DarijaBERT is based on the BERT-base architecture but does not include the Next Sentence Prediction (NSP) objective. It was trained on approximately 3 million sequences of Darija text, totaling around 100 million tokens.

Training

The model was trained on a dataset collected from three primary sources:

  • Stories written in Darija, scraped from a dedicated website.
  • Youtube comments from 40 Moroccan channels.
  • Tweets gathered using a list of Darija-specific keywords.

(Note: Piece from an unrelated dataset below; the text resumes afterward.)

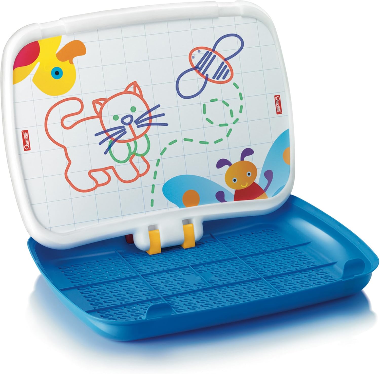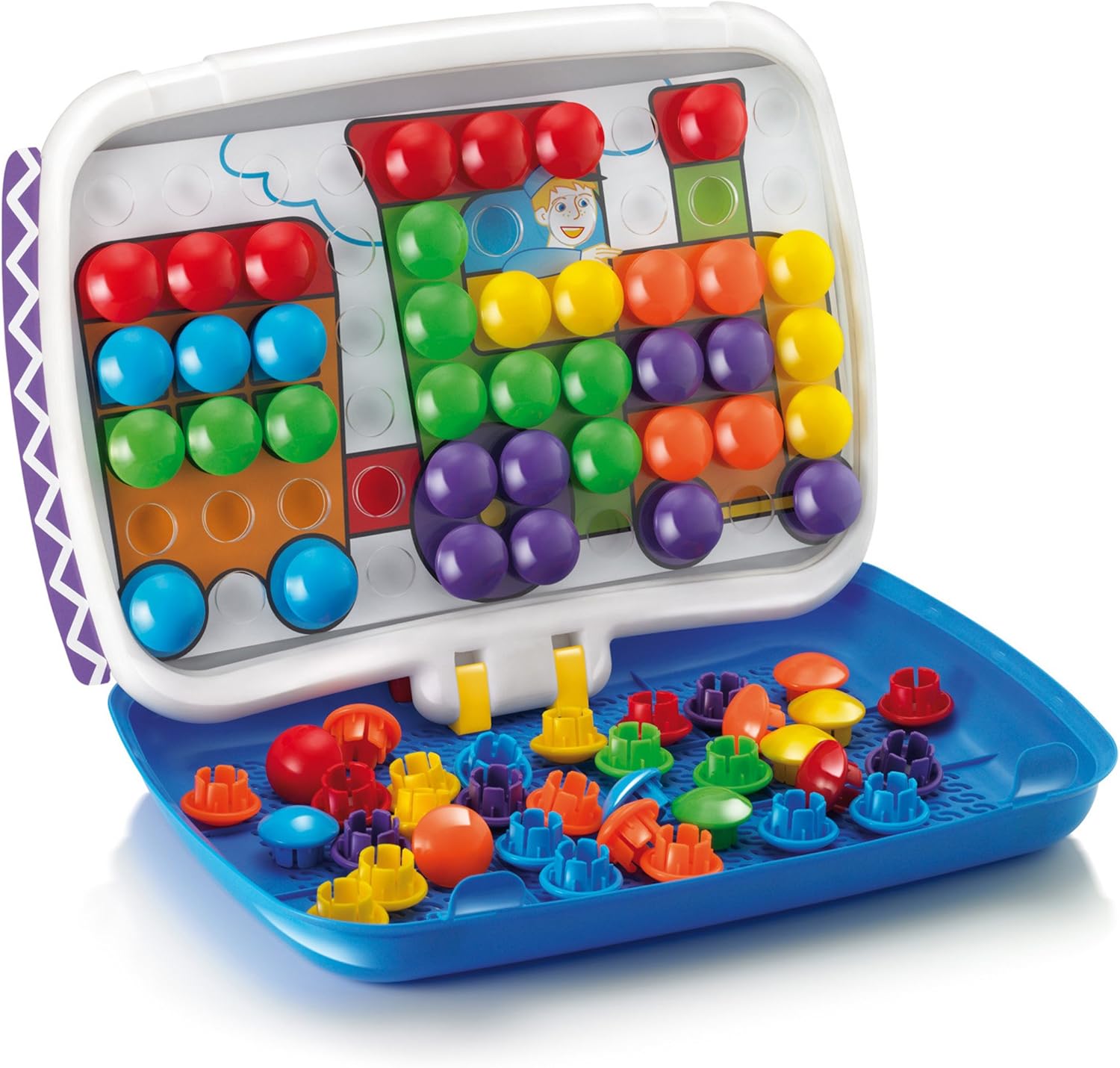 Due giochi insieme in una custodia multifunzionale: da un lato si disegna con i tasselli colorati, dall'altro c'è una lavagna cancellabile su cui si può scrivere con un pennarello. Puoi semplicemente abbassare la tavola, sollevarla, rimuoverla e ribaltarla. La confezione contiene 60 tasselli in 7 colori (diametro 33 mm), 6 guide. Cestino portaoggetti portatile per il riordino con maniglia È un gioco educativo e creativo, stimola la sensibilità ai colori e la coordinazione occhio-mano oltre allo sviluppo della destrezza nei movimenti fini 100% Made in Italy

This results in a comprehensive dataset of 691MB of text. Training was facilitated by resources from Google’s TensorFlow Research Cloud (TRC) program, which provided free Cloud TPUs.

Guide: Running Locally

To run DarijaBERT locally, you can use the Hugging Face Transformers library. Here are the basic steps:

  1. Install the Transformers library:

    pip install transformers
    
  2. Load the DarijaBERT model:

    from transformers import AutoTokenizer, AutoModel
    
    DarijaBERT_tokenizer = AutoTokenizer.from_pretrained("SI2M-Lab/DarijaBERT")
    DarijaBert_model = AutoModel.from_pretrained("SI2M-Lab/DarijaBERT")
    

For optimal performance, consider using cloud GPUs from platforms like AWS, Google Cloud, or Azure.

License

The model and its resources are open-source, allowing researchers, industrialists, and the NLP community to utilize and contribute to its development. For citation, refer to the specified article by Gaanoun et al., 2023.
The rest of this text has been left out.